A project team has deployed an email marketing campaign across different countries. In one country, the end users have been opting out of the campaign because they think the email is spam. What should the project manager do first?
A.
Conduct a retrospective meeting to identify what went well and what went wrong.
B.
Review the email marketing standards of that country with the stakeholders.
C.
Schedule a meeting with project team members to identify the root cause.
D.
Schedule additional country-specific user testing to reduce email opt out.

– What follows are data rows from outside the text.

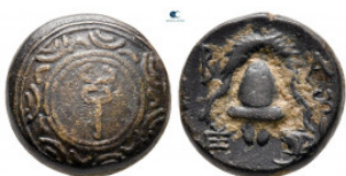
80 Kings of Macedon. Sardeis. Alexander III "the Great" 336-323 BC. Bronze Æ 14 mm, 4,45 g very fine 10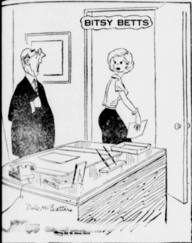
Do not have a Napoleonic complex, Josephine — er, Miss Betts!"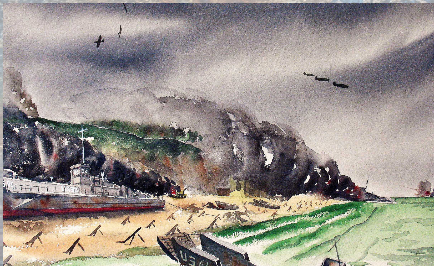
D-day H.W. Vestal, 1944 Coast Guard Combat Art' Heritage Asset Collection 1992.322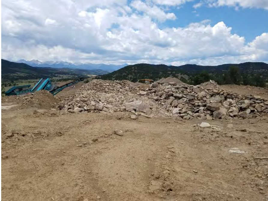
Figure 7. Top area of Area 2.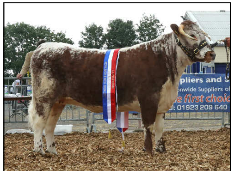
Gorse Winegum, Breed Champion, Royal B&W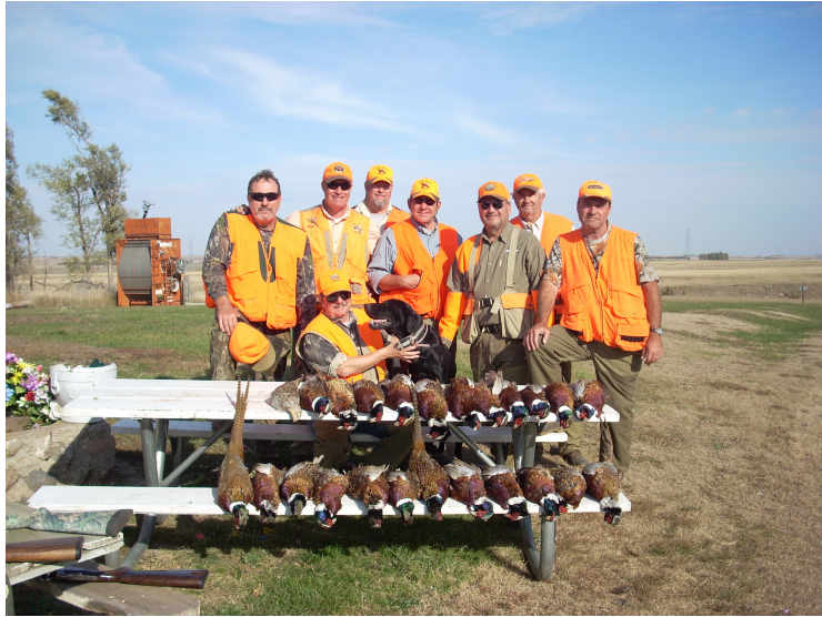
The iron curtain has returned!!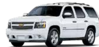
50U - SUMMIT WHITE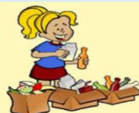
कचरे का अलग करना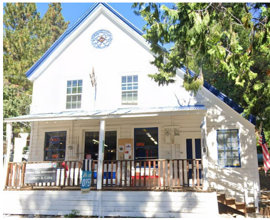
Harmony Lodge 164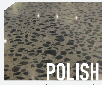
A smooth concrete with a texture like polished marble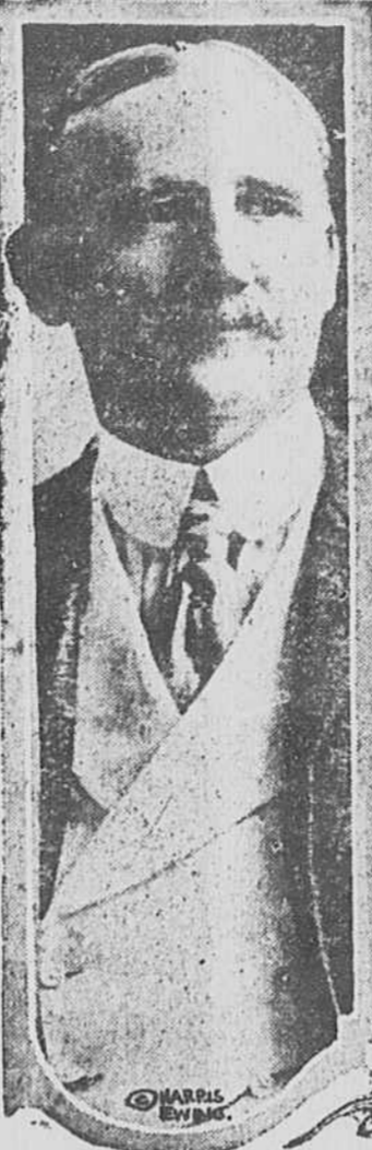
WILLIAM W. RUSSELL, Minister to San Domingo.

William W. Russell, who got out of his place as minister to San Domingo to make room for "Big Jim" Sullivan, is going back to that country in the same position to take the place of the man whom he had to make room for.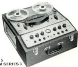
MARK 5 TYPE M SERIES 3

High quality amplifier with power output of 2½ watts r.m.s. and a frequency response of 40–20,000 c/s—can be used independently of tape recorder—narrow gapped record/playback head for extended frequency response—double gapped ferrite erase head to minimise erase noise—head-phone monitoring.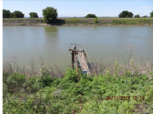
Pump on pier showing structural failure on WS toe.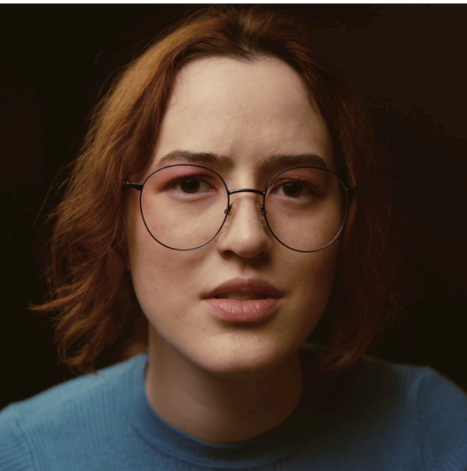
stills from "Can I just tell you?" (short film)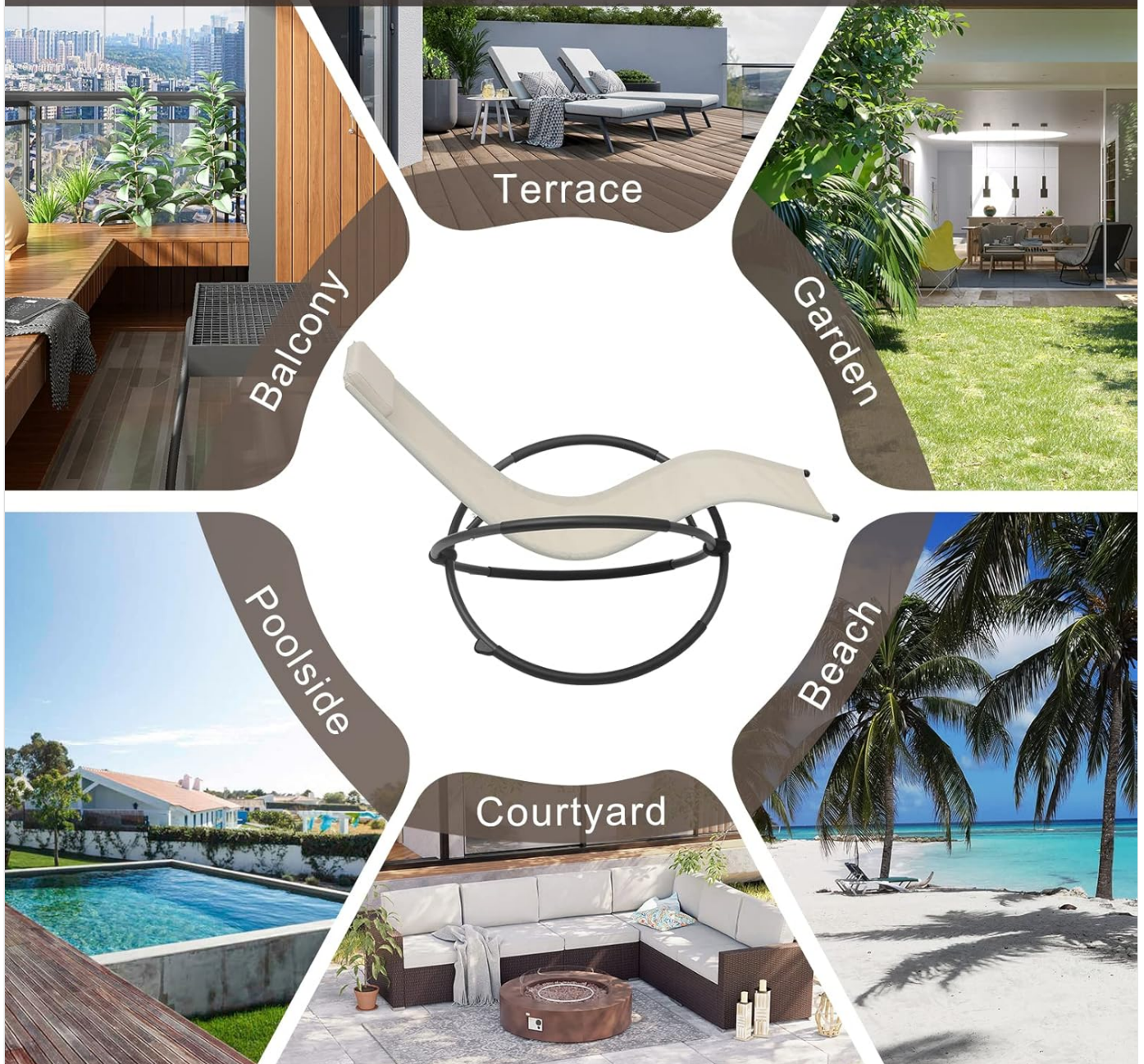
Image: The sun lounger is suitable for many outdoor scenarios.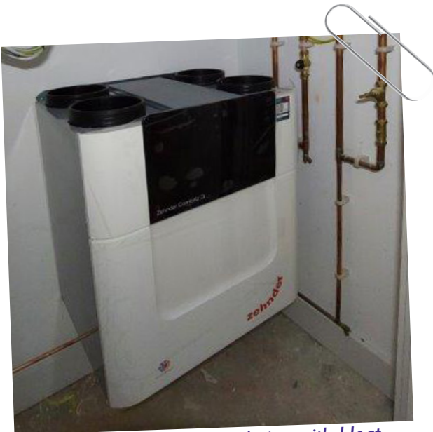
Indicative Mechanical Ventilation with Heat Recovery (MVHR) unit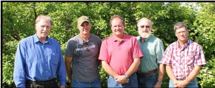
SWCD BOARD OF SUPERVISORS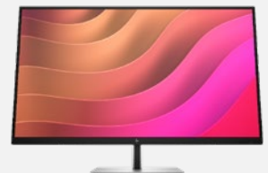
HP E32k G5 Monitor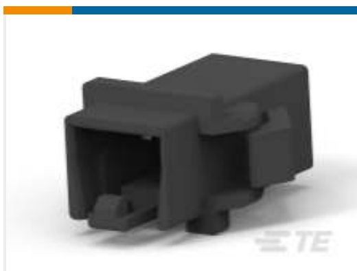
TE Part #2-292215-2 MINI CT SGL RELAY 2P BLACK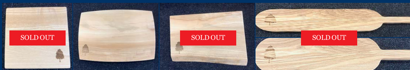
Top Tree Coaster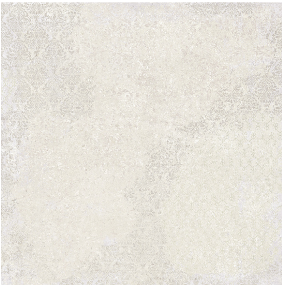
SSF-5080 BOHEMIAN IVORY NATURAL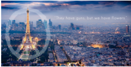
I'm on a Terrace 9584K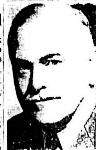
Gen. Sir Thomas Blamey, commander in chief of the Southwest Pacific Command of the United Nations, with headquarters in Australia, announced the selection of Gen. Sir Thomas Blamey as commander of the Australian Army in the Southwest Pacific.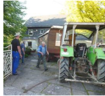
All our new neighbors were helping to get the wagon into our place

Anyhoot somehow we are sort of not in our normal element of gypsy-izm, things are different now, that's not bad, in fact we are closer to just being normal citizens of our capitalistic world, or lucky westerners as I like to put it. At the same time we are in our element, as we both enjoy the great outdoors.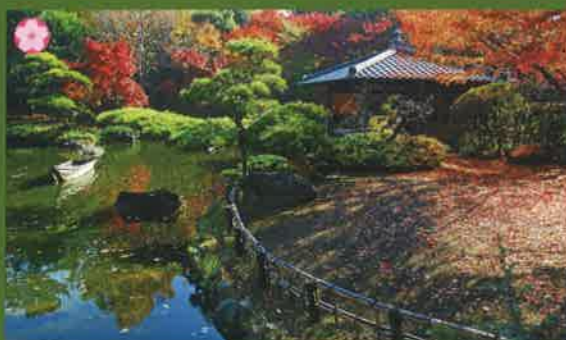
▲ Japanese Garden ③

The Excellent services of the park enhanced the quality of life for the community. There are many facilities such as a baseball stadium, a track and field (soccer) stadium, a Gymnasium, an aquatic center, a zoo and a Japanese garden.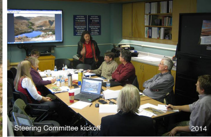
Steering Committee kickoff 2014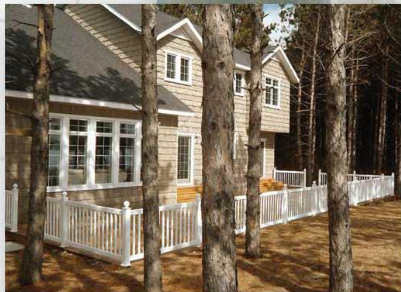
When preparing their site, the Arnos realized that, without a sandy beach, there was no need to clear a spacious lawn and instead put a broad 25-foot-deep lakeside dock and simple walkway to the water, leaving as many pine trees as possible.

by Tami Rust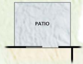
OPT. C PATIO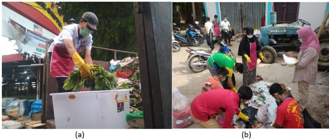
Figure 2. (a) Collecting the sample (b) Waste sorting

The average of TMSW composition for eight consecutive days sampling in the morning and afternoon can be shown in Table 2 and subsequently :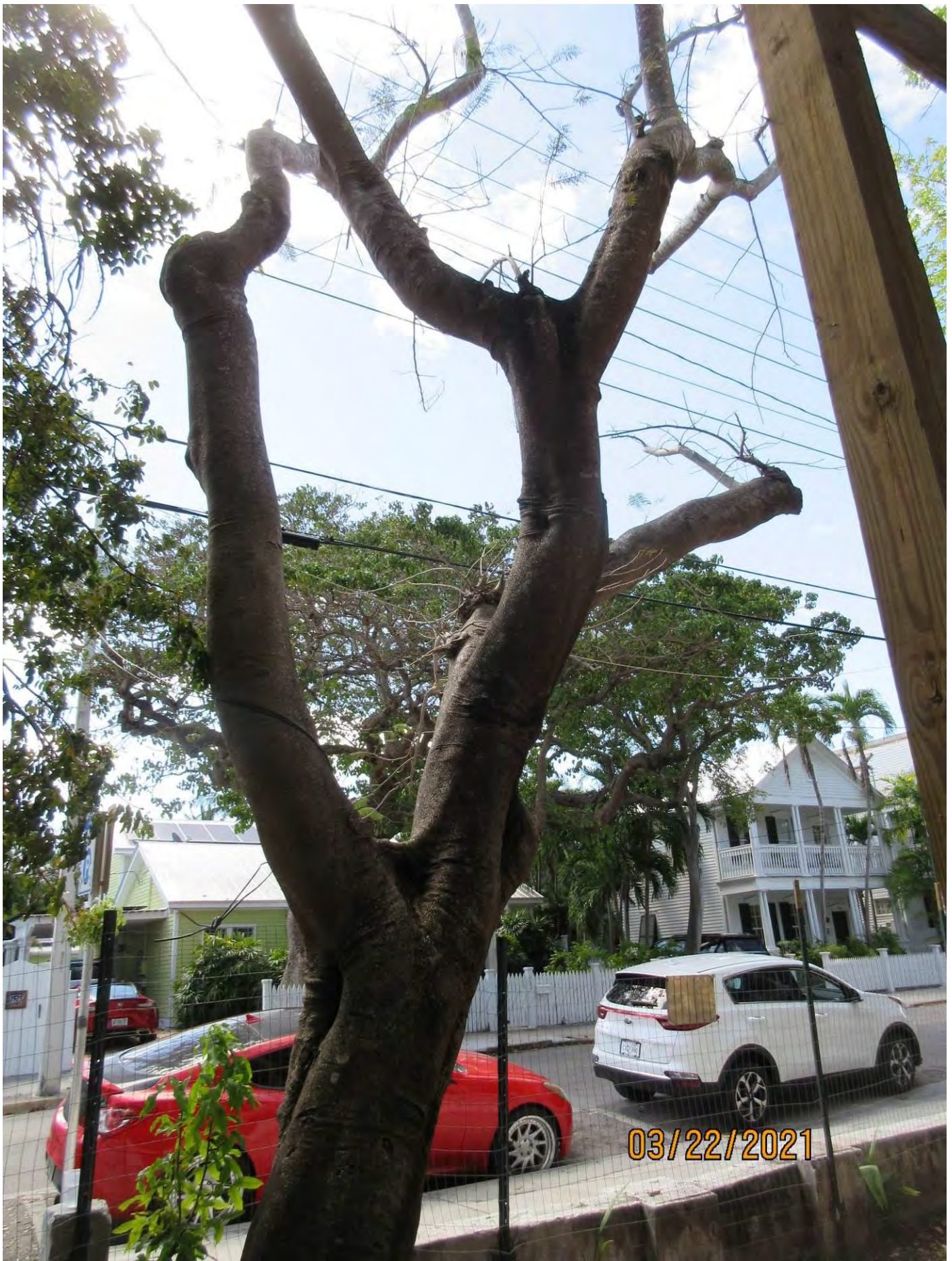
Photos of main trunk and canopy branches, view 2.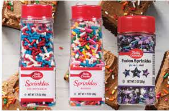
Betty Crocker Cake Decors Selected Vtys., 1.25 to 5.1-oz.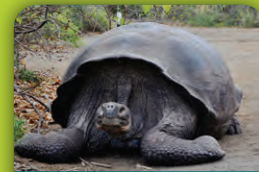
GALAPAGOS: WILDLIFE WONDERLAND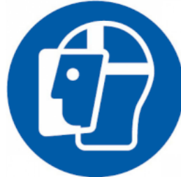
Face shield (in identified areas only)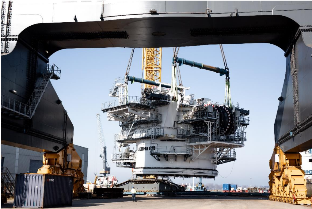
The slewing platform and the A-frame of the HLC 150000 have been lifted onto the BigLift Barentsz.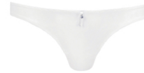
CARLA/S THONG Sizes: 36-46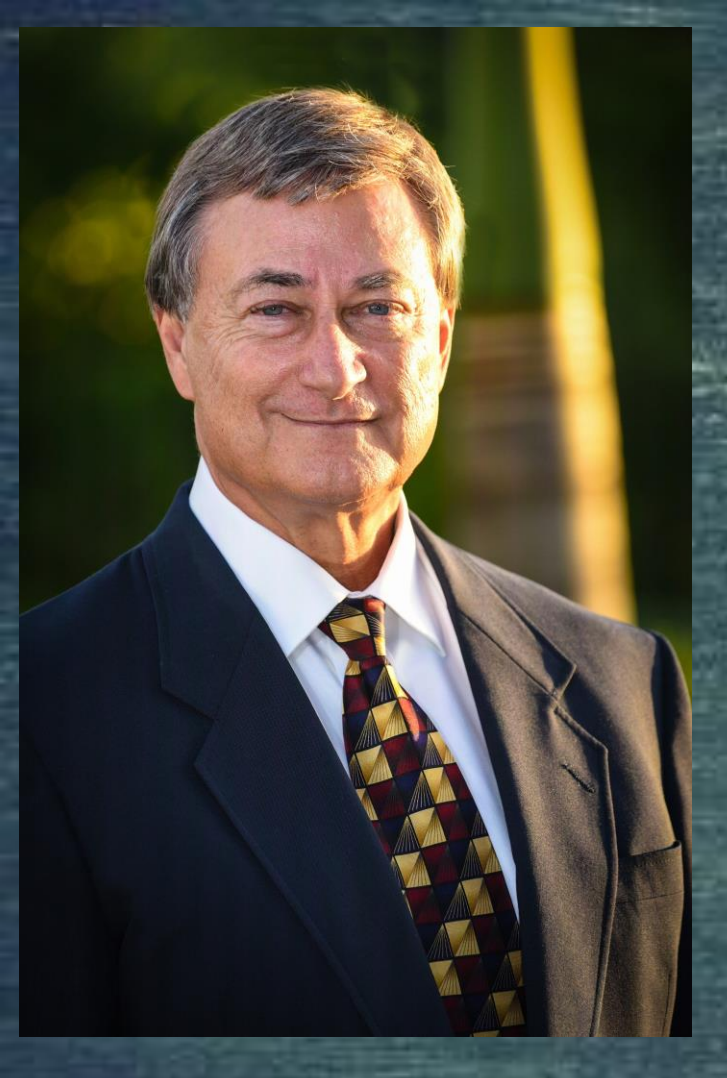
My profile on LinkedIn https://www.linkedin.com/in/stevekodad/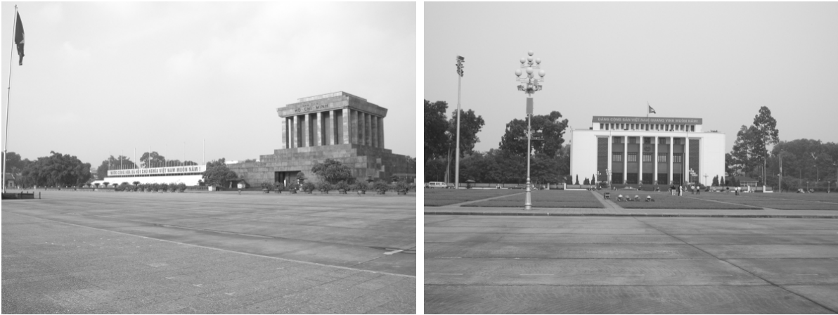
Diagram 4 and 5: Ho Chi Minh Mausoleum and National Assembly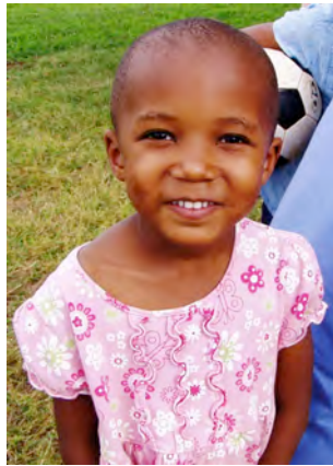
SIX MONTHS LATER, PRETTY IN PINK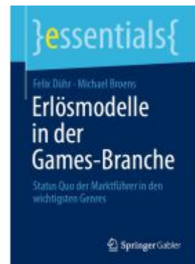
Erlösmodelle in der Games-Branche Ladenpreis: 15,41EUR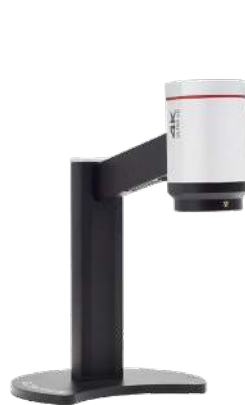
U30 with Antistatic body

U30s, a stand-alone, totally configurable system with a variety of mounting solutions. Select between any of Inspectis' Boom type, XY-type or Articulated arm stands.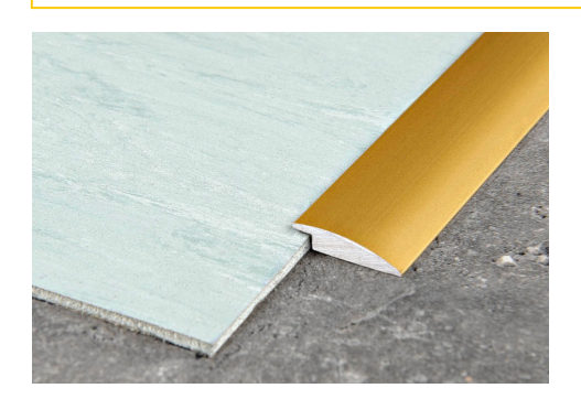
ANODIZED GOLD AND SILVER ALUMINIUM thermo packed har length 2 7 lm - nack 40 Pcs - 108 lm

ANODIZED GOLD AND SILVER ALUMINIUM WITH AND WITHOUT SELF-ADHESIVE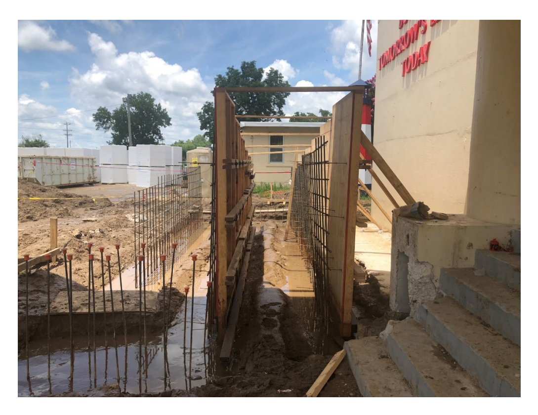
Figure 1 – Formwork Begun @ Ramp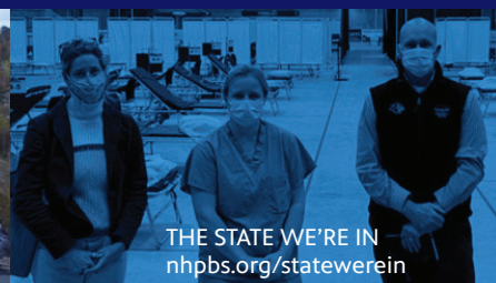
THE STATE WE'RE IN nhpbs.org/statewerin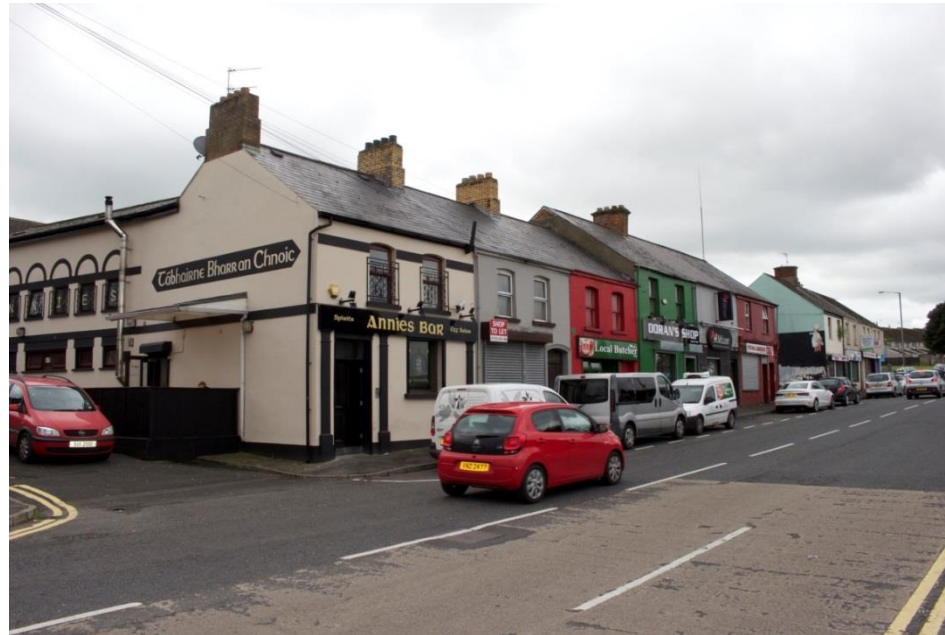
Shopping area along Strabane Old Road, Top of the Hill

The Department for Social Development, in partnership with Waterside Neighbourhood Partnership and Hillcrest Trust delivered a revitalisation /public realm improvement project to the commercial area of Top of the Hill along the Strabane Old Road. The overall aim was to promote the Top of the Hill area as economically strong and accessible neighbourhood which provides a high quality shopping experience contributing to a more vibrant community for those who live in, work in and visit the local area. This is a much utilised arterial route into the greater Waterside and as such the Restore Project in significantly improving the external facade of the commercial premises located along these key streetscapes is showing the Top of the Hill is open for business. As part of the scheme seven local businesses received funding to improve their properties appearance.

Because the campaign spans multiple countries, differing local regulations, cultural expectations, and industry standards can significantly affect how messages are perceived and whether they comply with anti-spam rules. The first step is to review that country’s email marketing standards with stakeholders (B)—including consent requirements, sender identification, subject line conventions, language expectations, and compliance rules. If the emails violate local norms or legal requirements, the “spam” perception and opt-outs will continue regardless of internal analysis. A root-cause meeting (C) may be useful, but it should be informed by external standards and local context rather than only internal assumptions. Additional user testing (D) may follow after ensuring compliance and localization, but it’s not the first action because it could test a message that is fundamentally noncompliant or culturally misaligned. A retrospective (A) is a continuous improvement activity, but the immediate priority is to confirm external requirements and align the campaign accordingly. Addressing country-specific standards first reduces reputational risk and improves campaign effectiveness.